9 octubre,2019 6:27 am

Conquista The Cure en el Foro Sol como en sus mejores tiempos

Fue mucho rock, mucho glam, mucha nostalgia… la madurez afloró y se posesionó del Foro Sol y de los 65 mil asistentes que acudieron a ver a la banda británica en su 40 aniversario.
Ciudad de México, 9 de octubre de 2019. Efusivo, pasional, entregado, incluso cadencioso, Robert Smith y The Cure hechizó este martes a toda la legión que llegó al Foro Sol para reafirmarlo como el máximo exponente del rock gótico.
Fueron 65 mil almas, según los organizadores, las que acudieron a celebrar los 40 años de trayectoria de la banda británica.
La gente se vistió de negro, fumó, tomó cerveza y comulgó con las melodías y la nostalgia al interpretar éxitos como “Just Like Heaven” y “Fascination Street”. Abundaban los fans naturales, esos de 40 o 50 años, aunque también mucho “millennial”.
Sin nada extravagante en el escenario, salvo una pantalla gigante a lo largo y ancho del fondo y un par a los costados, The Cure impuso su gallardía auditiva y su talle artístico con el puro hecho de tocar de forma magistral y con un ímpetu a prueba de arrugas y achaques, en canciones como “Hot, Hot, Hot!!!”.
Fue mucho rock, mucho glam, mucha nostalgia… la madurez afloró y se posesionó del inmueble.
Ese aprecio que le tienen sus seguidores mexicanos, y que Robert valora mucho, lo retribuyó y manifestó con el programa de canciones: 36 piezas las que compondrían este show, el más largo de la gira.
Robusto, y muy bailador, hasta zapateando y guiñando el ojo, el intérprete fue en un par de ocasiones de un extremo del escenario al otro.
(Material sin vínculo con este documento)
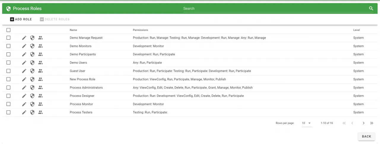 Allows Administrators to manage permissions and members of different roles (Administrators, Process Testers, Process Users).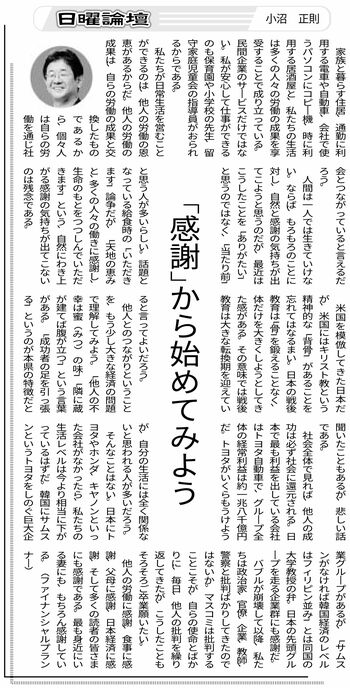 幸せな人生を送るには「感謝する心を持つこと」が絶対条件だと確信しています。そして日常生活は「他人の労働の恩恵があるから」だと思っていました。それらを見事に文章化した記事が掲載されました。

También se concentró en su guitarra, en su micrófono y en lo que veía en su panorámica.
“Esto es fabuloso, gracias, gracias, gracias”, fue una frase que repitió en castellano más de cuatro veces y que le redituó con gritos al unísono de su nombre.
Monarca de la cultura gótica, imitado, idolatrado y reverenciado, el compañero de Simon Gallup, Roger O’Donnell, Jason Cooper y Reeves Gabrels unificó a la concurrencia con su voz y sus rolas, con sus actitud y su mística.
The Cure interpretó todos sus éxitos: “Pictures of You”, “Never Enough”, “In Between Days”, “Disintegration”, “Friday I’m in Love”, “Lullaby” y “Three Imaginary Boys”.
Esa cabellera alborotada y toda engominada, que es el distintivo del cantante, lució por sí sola y la gente le gritó de todo. “Hair, hair, hair”, “péinate”, “te agarro de los cabellos”, “suéltate el pelo”…
“Ustedes son extraordinarios, los llevo en el corazón y gracias por todo”, soltó el vocalista de 60 años.
Efusivo y pasional, y un tanto Bailarin, Smith cautivó a la audiencia plagada de chavorrucos y muchos jóvenes y Milenials. Nadie quedó desencantado con la dosis de música que se llevó de parte del rey del glam rock y del gótico.
El compañero de Simon Gallup, Roger O’Donnell, Jason Cooper y Reeves Gabrels unificó a la concurrencia con su voz y sus rolas, con su manera de conectar y llevar a la nostalgia a los asistentes.
The Cure interpretó sus básicas: “Pictures of You”, “Fascination Street”, “Never Enough”, “In Between Days”, “Just Like Heaven”, “Disintegration”, “Lullaby”, “The Walk”, “Friday I’m in Love”, “Hot Hot Hot”, “Close to Me” y “The LoveCats”.
Sus himnos “Three Imaginary Boys” y “Boys Don’t Cry” los dejaron para el final del concierto que también sumó “10: 15 Saturday Night” para un total de tres horas completas de rock, punk y corazón.
De las 21:10 horas del martes a las 00:10 horas, The Cure repatrió felicidad y nostalgia a su gente… y todos fueron felices.